▸ **The problem**: When you reach the line below that has "Bản vẽ kĩ thuật", start returning lines exactly, and stop after the line that has "ご飯の絵本にはいろいろなご飯"; skip the pictures.
(Beginning of Materials provided)
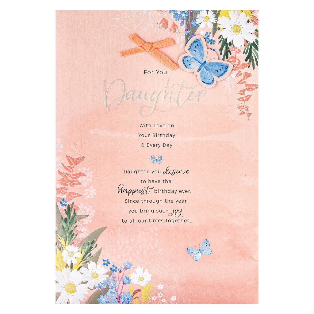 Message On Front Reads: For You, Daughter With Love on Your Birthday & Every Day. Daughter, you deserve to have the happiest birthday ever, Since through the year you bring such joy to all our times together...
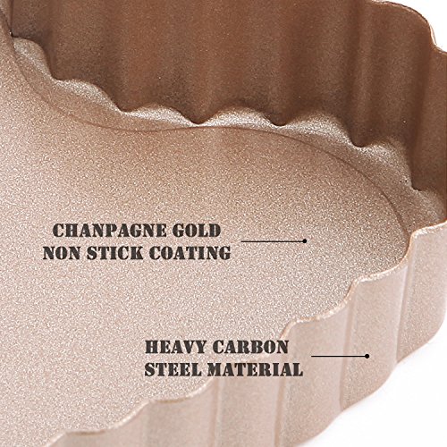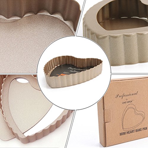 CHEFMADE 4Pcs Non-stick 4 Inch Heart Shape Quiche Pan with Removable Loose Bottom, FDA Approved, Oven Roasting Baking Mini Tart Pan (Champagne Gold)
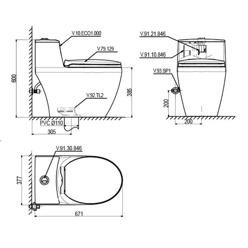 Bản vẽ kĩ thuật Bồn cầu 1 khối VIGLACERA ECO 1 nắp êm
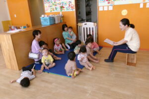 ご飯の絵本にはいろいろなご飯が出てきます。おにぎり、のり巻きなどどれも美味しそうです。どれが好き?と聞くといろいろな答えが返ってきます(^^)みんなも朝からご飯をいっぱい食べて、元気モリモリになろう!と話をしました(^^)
(End of Materials provided)
(Beginning of Materials provided)
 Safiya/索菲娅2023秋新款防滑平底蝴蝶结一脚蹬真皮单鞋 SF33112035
(End of Materials provided)
(Beginning of Materials provided)
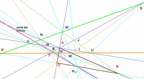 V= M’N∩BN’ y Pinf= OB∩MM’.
(End of Materials provided)
▸ **Result of the task**:
 Bản vẽ kĩ thuật Bồn cầu 1 khối VIGLACERA ECO 1 nắp êm
 ご飯の絵本にはいろいろなご飯が出てきます。おにぎり、のり巻きなどどれも美味しそうです。どれが好き?と聞くといろいろな答えが返ってきます(^^)みんなも朝からご飯をいっぱい食べて、元気モリモリになろう!と話をしました(^^)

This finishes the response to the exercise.